* **Problem to work on**:
Leaving all pictures aside, copy exactly the lines from the start of the listing below through the line that contains "E142富士山河口湖地點非常", and only those lines.
>>>>
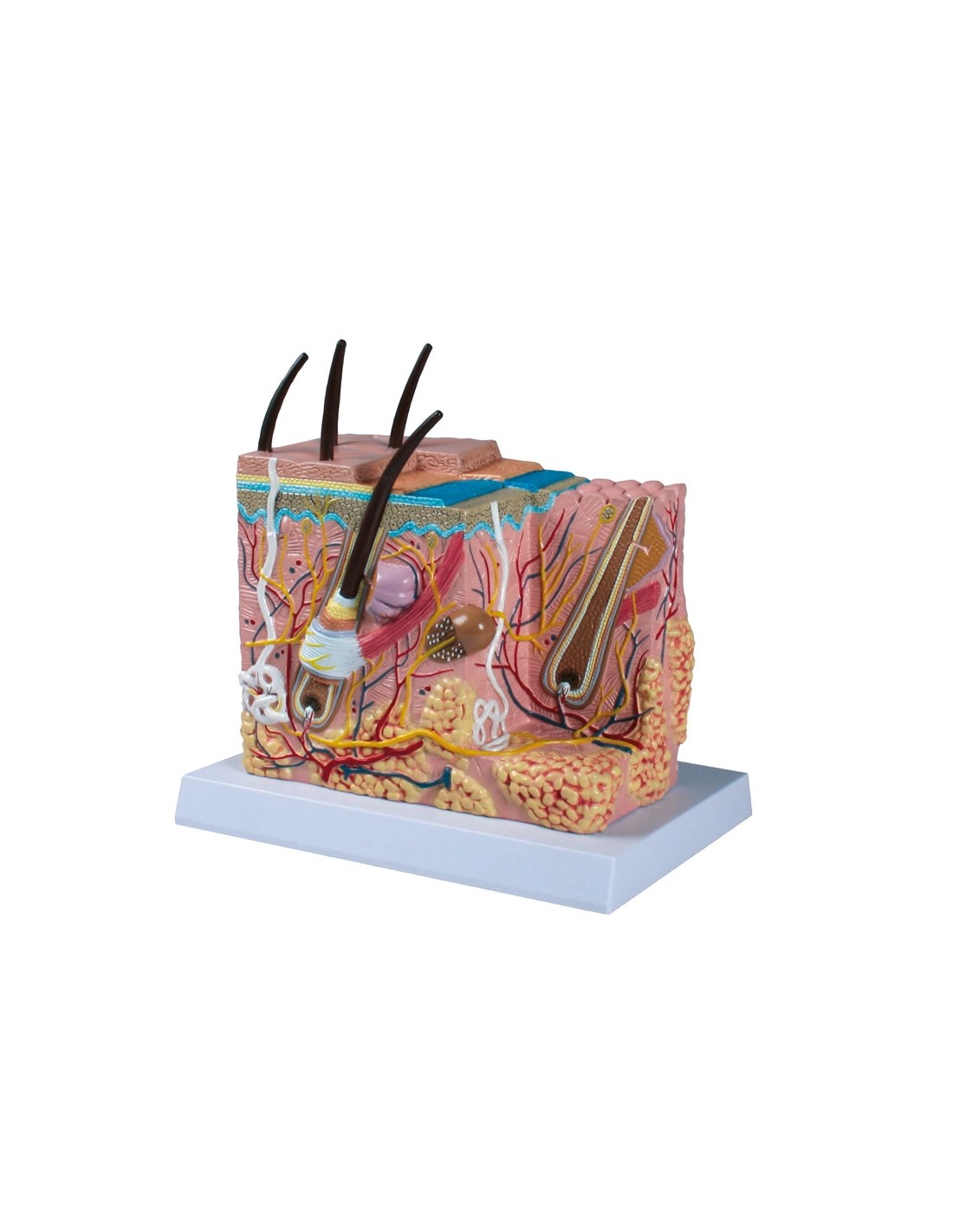 Questo bellissimo modellino anatomico a grandezza naturale è la riproduzione di uno strato di pelle umana ingrandito di circa 50 volte.
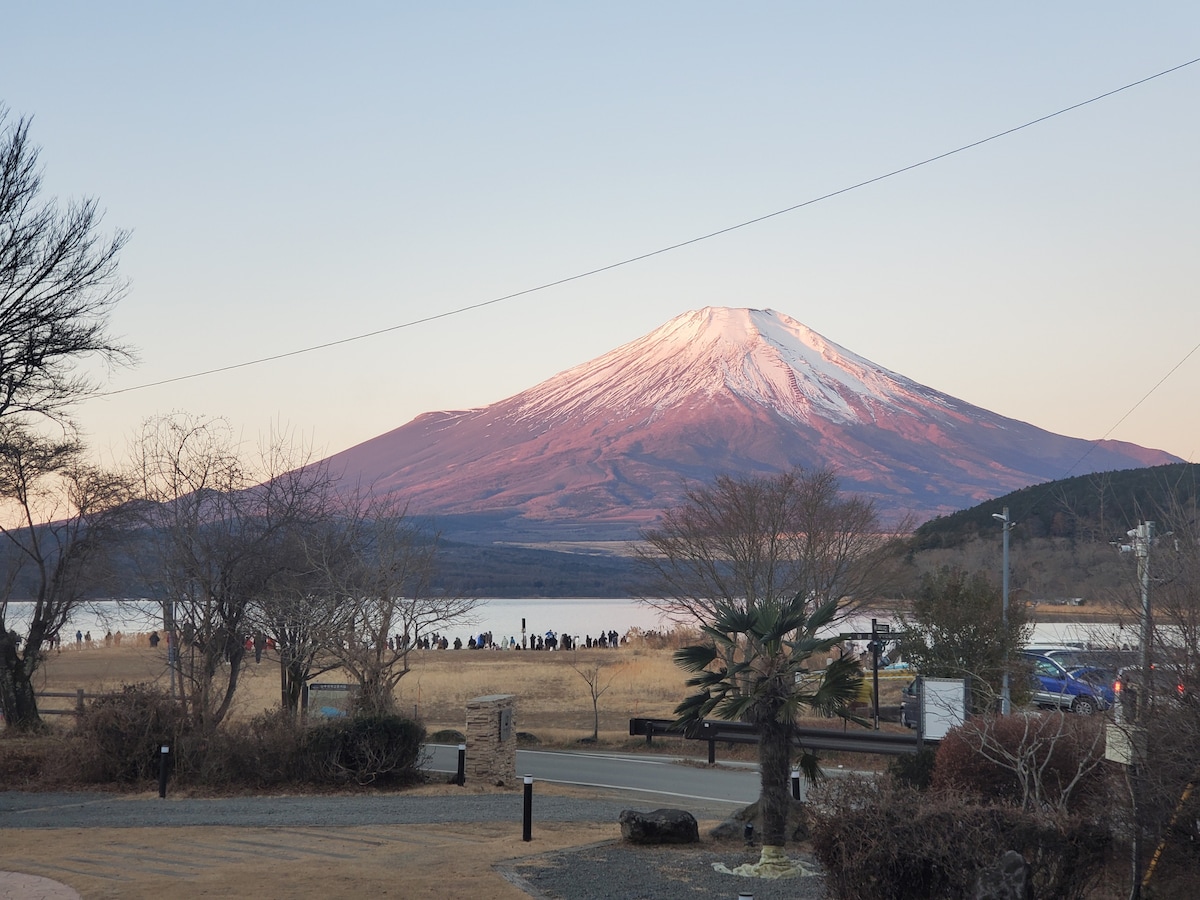 E142富士山河口湖地點非常好,星野度假村隔壁(和室14疊湖景側)新開幕期間送貸切風呂及腳踏車租借
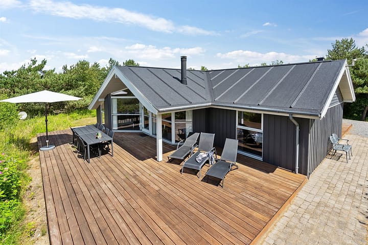Vakantiehuis is geschikt voor 8 personen en 1 kinderen tot 3 jaar. De vakantiewoning heeft een oppervlakte van 100 m2 en is gebouwd in 2007. Het is toegestaan om 1 huisdieren mee te nemen. De vakantiewoning is uitgerust met warmtepomp. De vakantiewoning heft Wasmachine. Wasdroge. Vriezer capaciteit van 90 liter. Er is daarnaast houtkachel.De vakantiewoning is gelegen op een 2900 m² groot natuural grond. Afstand tot de zee 2400 m. Dichtstbijzijnde winkel 4400 m. Bij de vakantiewoning hoort 68 m² terras. Daarnaast is er een 24 m² groot overdekt terras. Gereedschapsruimte. Schommel. Zandbak. Parkeerplaats bij het huis.Er zijn in totaal 3 slaapkamers. De slaapplaatsen zijn als volgt verdeeld: 4 slaapplaatsen in tweepersoonsbedden. 2 slaapplaatsen in eenpersoonsbedden. 2 slaapplaatsen in alkoof. Verder is kinderbed ter beschikking.De keuken is uitgerust met koelkast Er zijn 4 keramische kookplaten, heteluchtoven, magnetron en vaatwasser. Er is 2 badkamers met douche en 2 toiletten. Er is vloerverwarming in 2 van de badkamers. De sauna biedt de gelegenheid tot ontspanning.Het binnenbubbelbad (vulwater) biedt ontspanning aan 2 personen.In de vakantiewoning is aanwezig televisie. DVD-speler. Stereo-installatie. CD-speler. Tenminste 4 deense zenders. Tenminste 4 duitse zenders. Draadloos internet.
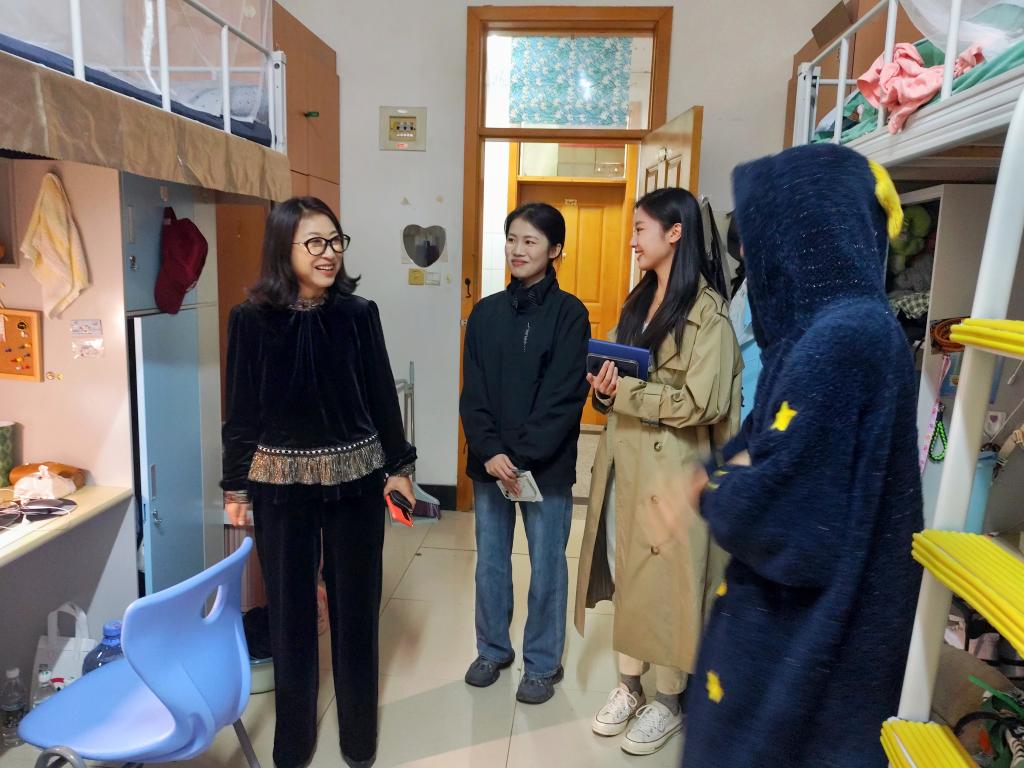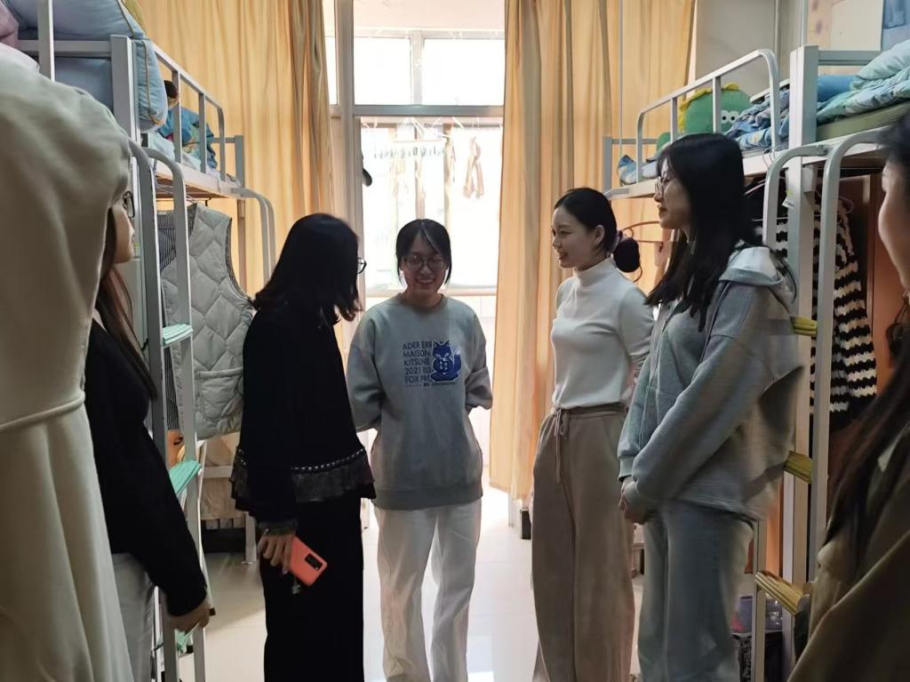 在寝室走访的过程中,彭艳红与同学们进行深入交流,亲切询问学生近期学习和生活状况,耐心解答同学们的问题,悉心叮嘱同学们保持健康作息,注意宿舍卫生,用电安全问题和养成良好的生活习惯。其他检查人员也积极向同学们宣传安全卫生知识,致力于提升同学们的安全防范意识。
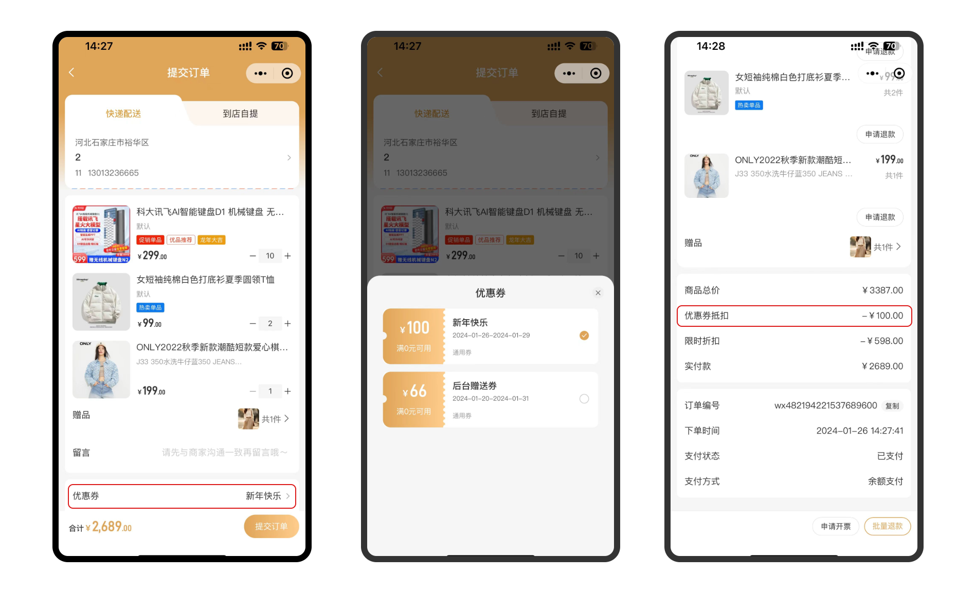 用户购买必威betwayApp下载下单时,选择优惠券直接抵扣支付金额
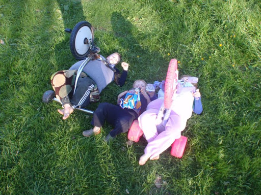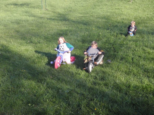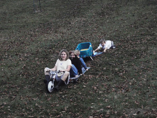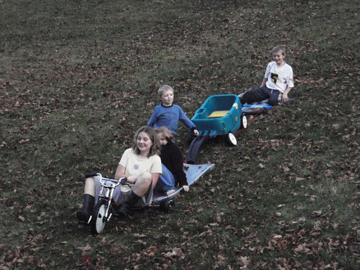 My kids are very creative. And when they have alot of time on their hands, you never know what fun they will come up with!! Sorry the pictures are so dark but it was almost dark!:) They tied together 2 sleds, 1 big wheel and the wagon?? They had a blast for hours!!!
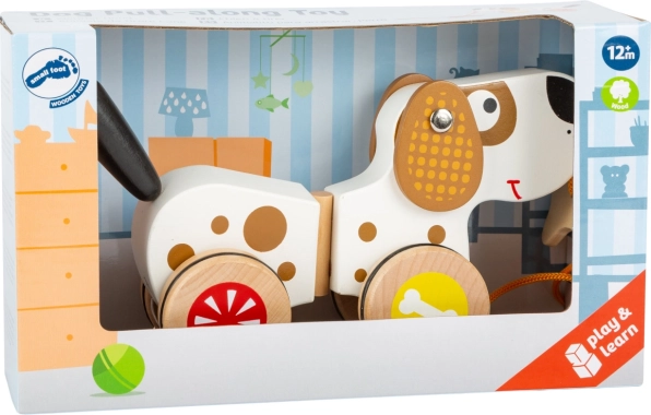 Pes má tichý chod díky gumovým kroužkům na kolech, což zajistí klidném pohybu po jakémkoli povrchu. S ocasem, který se vesele kýve při táhnutí, a kostí, jako odměnou pro pejska, nabízí nekonečné možnosti pro hru a zábavu.
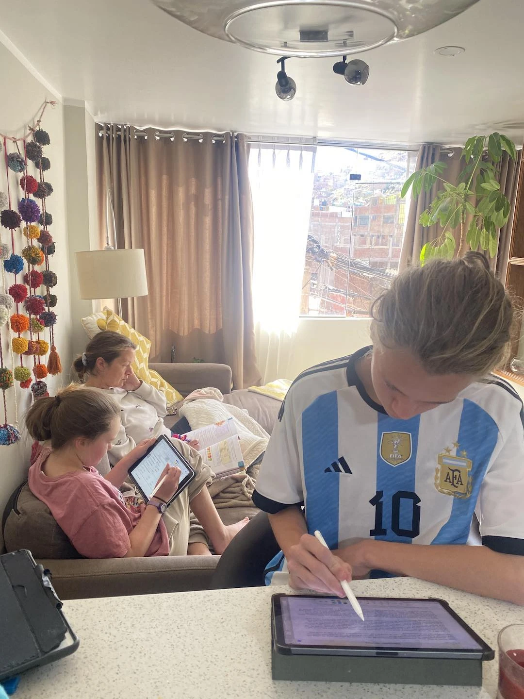 Dans le salon, ma famille boucle l’année scolaire.
<<<<
* **Answer section**:
 Questo bellissimo modellino anatomico a grandezza naturale è la riproduzione di uno strato di pelle umana ingrandito di circa 50 volte.
 E142富士山河口湖地點非常好,星野度假村隔壁(和室14疊湖景側)新開幕期間送貸切風呂及腳踏車租借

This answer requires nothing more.